Strawinsky sagt Diaghilev zu, obwohl der ihm nur vier Wochen für die Herstellung der gesamten Ballettmusik einschließlich der Gesangsnummern einräumt: »Ich begann mit dem Komponieren direkt an Pergolesi-Abschriften, so
als ob ich ein altes Werk von mir selbst korrigieren würde. Den Anfang machte
ich ohne vorgefasste Meinungen oder ästhetische Ansichten, und ich konnte
über das Ergebnis nichts voraussagen. Ich wusste, dass ich keine Nachahmung
DASSELBE, ANDERS
35
von Pergolesi verfertigen konnte, da meine motorisch-rhythmischen Bewegungsabläufe so anders waren. Bestenfalls konnte ich ihn wiederholen, in meinem eigenen Akzent. Pulcinella war meine Entdeckung der Vergangenheit, die
Epiphanie, durch welche mein ganzes späteres Werk möglich wurde. Es war
natürlich ein Blick zurück – die erste von vielen Liebesaffären in dieser Richtung –, aber es war auch ein Blick in den Spiegel.«
Es war Strawinsky nicht leicht gefallen, Pergolesis Musik in seine eigene
Sprache zu übersetzen. Er hatte zwar bereits unfertige Werke anderer Komponisten ergänzend instrumentiert, aber hier handelte es sich um tiefere Eingriffe
in die Werkstruktur. In seinen Erinnerungen bekannte er: »Bevor ich an diese
schwere Aufgabe heranging, musste ich mir die wichtigste Frage beantworten,
die sich unter solchen Umständen von selbst stellt: Sollte meine Liebe oder mein
Respekt für die Musik von Pergolesi die Linie meines Verhaltens bestimmen?«
Sein Respekt vor Pergolesi hindert Strawinsky jedenfalls nicht daran, dessen Musik ins zwanzigste Jahrhundert zu transferieren, obwohl Diaghilev von
ihm »eine peinlich gesittete Instrumentation von etwas sehr Lieblichem« erwartete. Zwar behält Strawinsky die barocke Konstellation von konzertierendem
Solisten-Ensemble (Concertino) und Kammerorchester (Concerto grosso) bei.

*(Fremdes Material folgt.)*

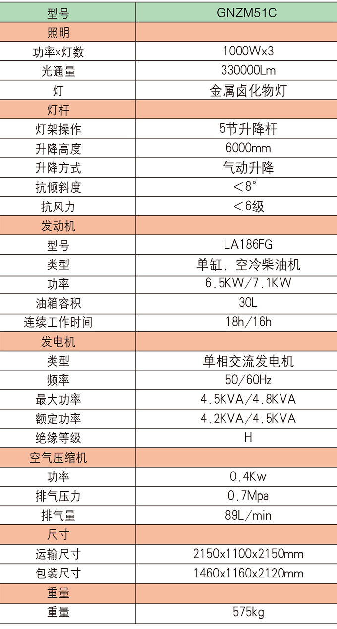 沃尔华GNZM51C气动升降拖车式照明车基本配置
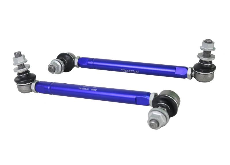 TRC12200 features an adjustable length of 254mm-305mm (10.0" - 12.0") and 12mm ball joint studs Length is measured from the center of one ball joint stud to the center of the other. Designed to maximize the benefit of Roll Control Adjustable Sway Bars and be used in place of that hard to find O.E link. Features & Benefits 6060-T5 Alloy Link Ball for low friction and long life Spanner provision for on-car adjustment Eliminates sway bar link flex Allows for neutral sway bar positioning Maximizes all positions on adjustable Sway Bars Suits lowered or raised vehicles SuperPro Tip - To get the best out of these adjustable link kits, please read the fitting instructions prior to installation. SuperPro Note-We catalog our adjustable end link fitment against the OEM end link sizing. Changes in the ride height of your vehicle may mean a shorter or longer link is required. Also, some aftermarket coil overs systems will relocate the mounting end link mounting tab requiring an end link shorter or longer than stock. If you have any questions please contact our tech support team for assistance in taking measurements to select the correct link set for your application.
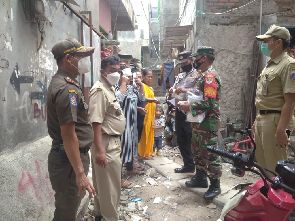 ACTUALNEWS.ID, Jakarta-Babinsa Koramil 02/TB Kodim 0503/JB Kelurahan Jembatan Besi Serma Patton CH bersama Lurah Jembatan Besi Iwan Setiawan melaksanakan kegiatan pembagian masker.
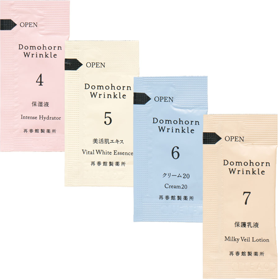 4 保湿液 1.00ml×1回分、5 美活肌エキス[医薬部外品]0.25ml×1回分、6 クリーム20[医薬部外品]0.25g×1回分、7 保護乳液 0.71ml×1回分
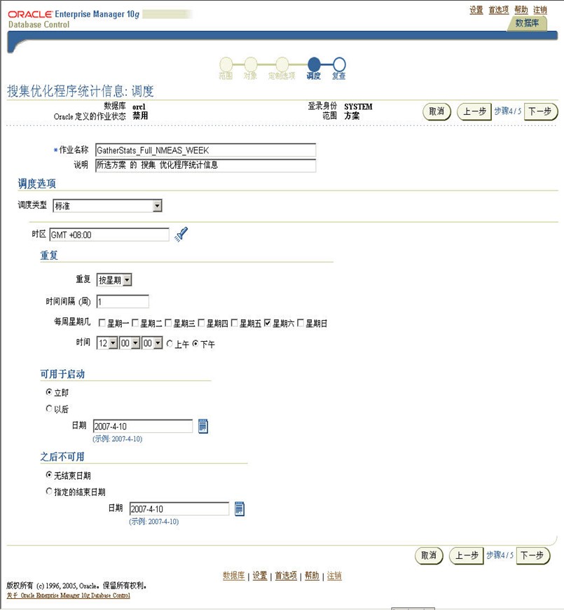 配置周统计信息收集任务执行的调度时间(下图中配置的为每周星期六晚上12点自动执行统计信息搜集)
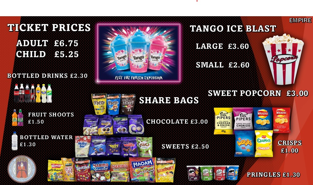 Coke, Diet Coke, Coke Zero, Orange Fanta, Lemon Fanta, Dr Pepper, Sprite, Still Water
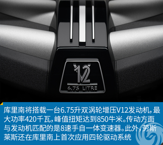动力方面,库里南将搭载一台6.75升双涡轮增压V12发动机,最大功率420千瓦,在1600转每分时即可爆发出850牛米的峰值扭矩。传动方面,该车匹配的是8速手自一体变速器,并配备一套四轮驱动系统,自重达到了2660公斤,但性能表现依然出色。
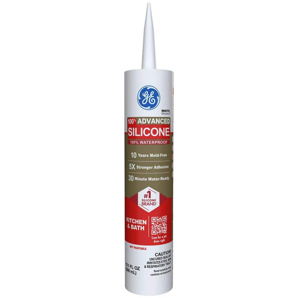 GE Advanced Silicone 2 Kitchen and Bath Sealant is a high-performance, 100% silicone and 100% waterproof sealant specifically formulated for areas with high moisture exposure, such as kitchens, bathrooms, and showers. It features a permanently flexible formula that offers 40% more flexibility than Class 25 sealants and provides 5X stronger adhesion than GE's Silicone 1 sealant. The neutral-cure formula results in low odor during curing. The sealant is ready for water exposure in 30 minutes and offers 10-year mold-free product protection, inhibiting the growth of mold and mildew. It is designed to not discolor most high-end metal finishes, including chrome, bronze, and nickel. This white sealant is suitable for use on a wide variety of surfaces including most metals, plastics, woods, glass, drywall, plaster, granite, and more. It comes in a 10.1 fluid ounce cartridge for easy application with a standard caulking gun.
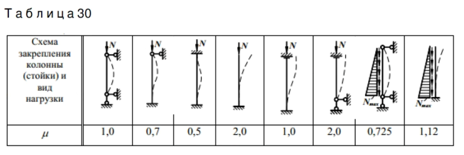 Все очевидно, вашу преподавателю не нужна была таблица 30, она работает только для одиночно стоящих стержней. Подробнее эту тему раскрвает расчетчик в видео
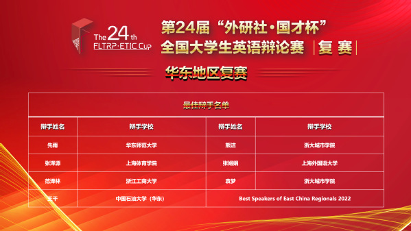2022年4月9日至10日,第二十四届“外研社·国才杯”全国老员工英语辩论赛华东地区大区赛顺利举办,来自122所高校的244名辩手进行了为期2天、连续5轮辩论的激励比拼。最终,在永利yl23411赵朝永教授指导下,公司代表队选手马心怡(2021级外国语言学及应用语言学专业硕士研究生)和先雨(2019级英语专业本科生)总积分在122个队伍中排名第7名,取得华东地区赛“一等奖”的好成绩,晋级全国总决赛。与此同时,先雨同学还获得了“最佳辩手”的荣誉称号(244位选手中共评选7位)。
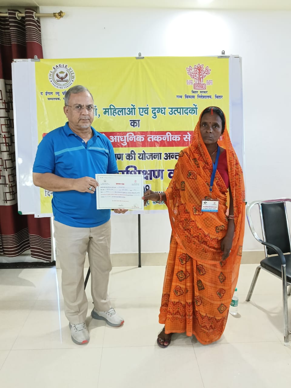भारत सरकार एवं बिहार सरकार द्वारा मान्यता प्राप्त द ईगल व्यू ट्रेनिंग सेन्टर ज़िलों की 90 महिलाओं को डेयरी फार्मिंग की आधुनिक तकनीक के बारे में 5 दिवसीय आवासीय प्रशिक्षण प्रदान कर रहा है। दूसरी ओर, सामाजिक उत्थान के क्षेत्र में महिलाएँ मज़बूत हो रही हैं। जिसमे अभी दिनांक 04-08-2025 से 16-08-2025 तक जिला बक्सर, भोजपुर, पटना, नालंदा का प्रशिक्षण सफलता पूर्वक करवा कर महिला उम्मीदवारों को प्रमाण पत्र प्रदान किया जा चूका है I और दिनांक 19-08-2025 से जिला शेखपुरा और नवादा की 90 महिलाओ का प्रशिक्षण शुरू हो चूका है I
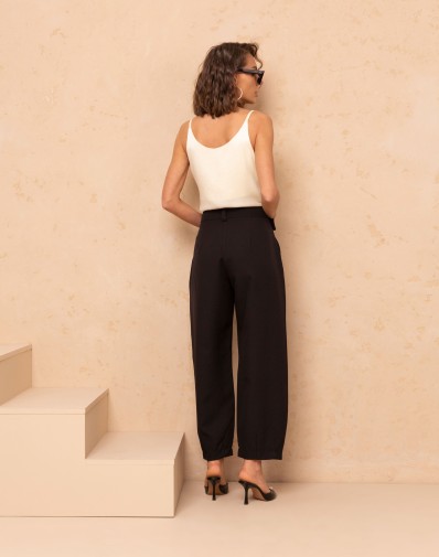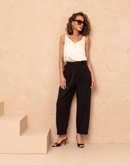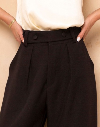 Eleganckie spodnie w klasycznej czerni , które łączą styl i wygodę. Wysoki stan pięknie podkreśla talię, a luźniejszy krój nogawek zapewnia swobodę ruchów i nowoczesny look. Zapinane na zamek i guzik, z praktycznymi zakładkami z przodu, świetnie sprawdzą się zarówno w eleganckich, jak i codziennych stylizacjach.
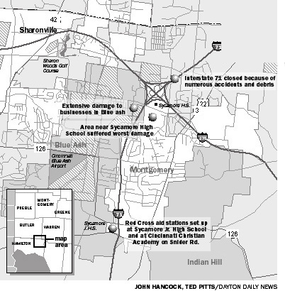 Dayton Daily News Library WEATHER EMERGENCIES - 1999 Four killed in tornado near Cincinnati Just before sunrise on April 9, 1999 a tornado ripped through the affluent northeast Cincinnati suburbs of Montgomery, Blue Ash and Symmes Twp., killing four people. The dead were later identified as Charles Smith of Clermont County and Donald E. Lewis of Blanchester, both of whom were in their cars. The other two victims died in their home. They were Lee and Jacqueline Cook of 7575 Cornell Road in Montgomery. The only confirmed touchdown was in Blue Ash, but the storm caused damage in Hamilton, Clinton and Warren counties. More than 200 homes were destroyed and 300 more were damaged. |  |

In formaler Hinsicht arbeitet er jedoch geradezu chirurgisch. Er schneidet aus
dem musikalischen Verlauf Takte und Taktgruppen heraus, entfernt Stimmen,
fügt neue hinzu, montiert Ausschnitte aus unterschiedlichen Quellen direkt
aneinander und baut unauffällig neu komponierte Passagen ein. Mit Akzentverschiebungen, Taktwechseln und Tempobeschleunigungen greift er in die Rhythmik und Metrik ein. Endgültig »modernisiert« erscheint Pergolesis Musik durch
winzige, aber wirkungsvolle Eingriffe in die Harmonik. Dissonierende Töne
kommen hinzu, harmonische Wendungen verlaufen anders als erwartet, Orgelpunkte verbinden separate Schichten.
Zwei Jahre nach der szenischen Uraufführung 1920 kombinierte Strawinsky
die Instrumentalstücke zu der achtteiligen Suite, die in diesem Konzert erklingt.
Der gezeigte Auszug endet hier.